6 October 2010

History revealed

Many of you have never heard of the Wootbird as a species before coming to this blog and most probably believe that this is just a silly creation of mine. Today I will bring to you a short history lesson.

The Wootbird bird species has most likely been around for centuries. The reason it is not officially named as a species is because very few people actually know about it. When only a handful of people know about a creature, it often rapidly becomes a myth very much like dragons and unicorns. Especially when there is no evidence to prove it, it becomes very hard to believe in its existence.

I will take you back to the 16th century today, in which the Italian renaissance painter Titian, also known as Tiziano Vecellio presumably made this remarkable painting called "The Pastoral Concert".


Thanks to recent technological advances in image processing we are now capable of analysing paintings such as these to the utmost precision. Such analytics have revealed an interesting detail in the above painting, proving that at least the idea of the Wootbird goes back as far as the renaissance.

Nothing out of the ordinary can be seen when we zoom in on the tree shown in the background of the painting. But using the advanced methods described above, strange anomalies are revealed.



Looking at the right image above, you will notice the red figures.
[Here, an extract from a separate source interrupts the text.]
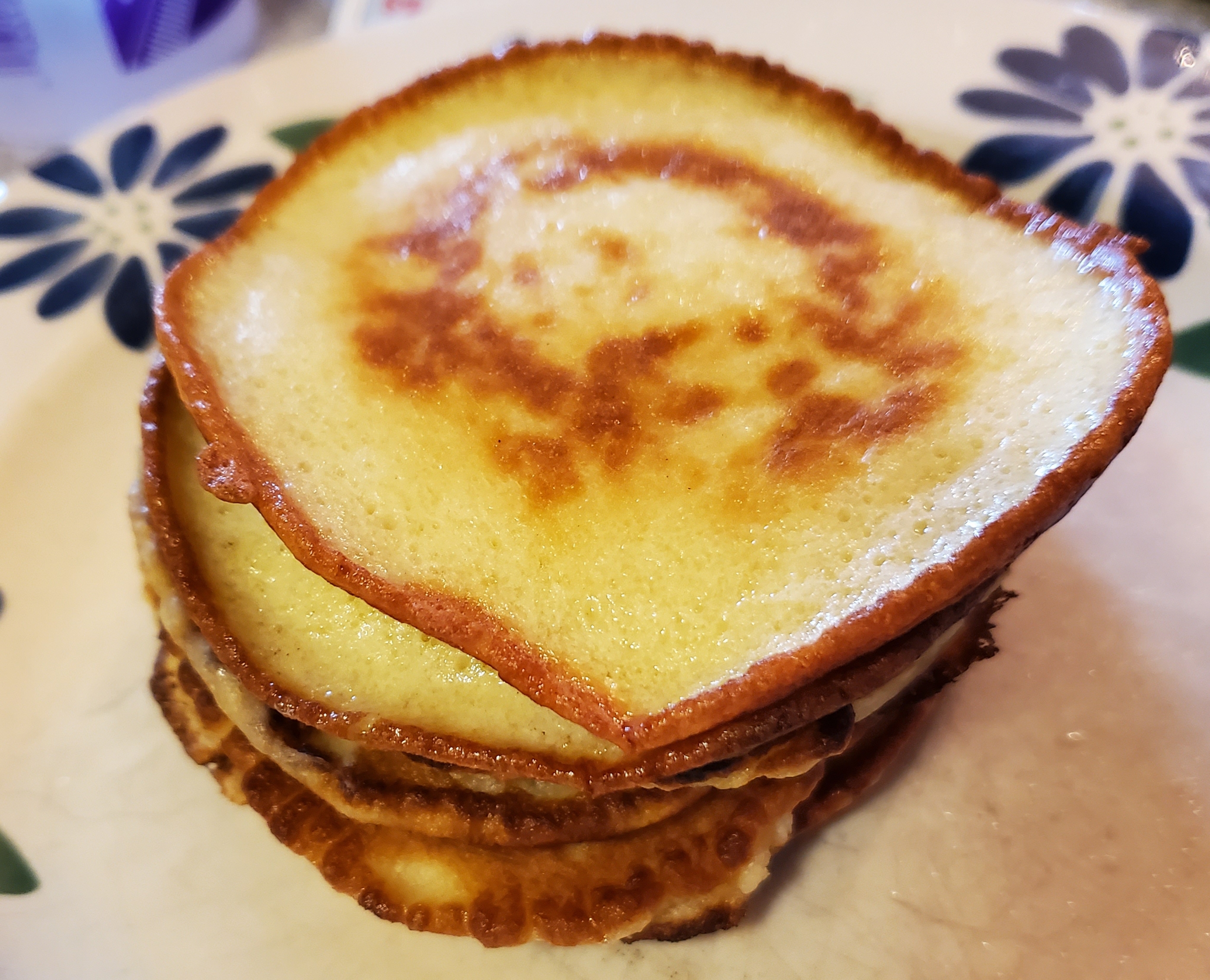 Canape Pancakes unlike regular pancakes has no baking powder. They have a very close consistency, so they don’t absorb the syrup and get soggy and fall apart. You can cook these in a non-stick griddle, but I prefer to oil the pan with Crisco shortening, so the edges get a little crisp.

These are spots marked by the image processor as hidden objects. This is a selection method the analytical software uses to reveal special details, previously unknown to the observer.

Now that the anomalies have been marked, the analytical software continues to enhance the image.


It is fairly clear that the figure or creature shown in the enhanced images above was intended to be a Wootbird. Notice the distinct colour patterns and shape the creature has. This - my dear readers - is undeniable proof of the existence, or at least the idea of the existence of a Wootbird in the days of the renaissance. It is truly a remarkable find. Mythical species researchers will continue analysing art pieces with the help of imaging technicians in the hopes of finding more evidence of the Wootbird.

I will keep you all updated if any more news appears regarding this subject.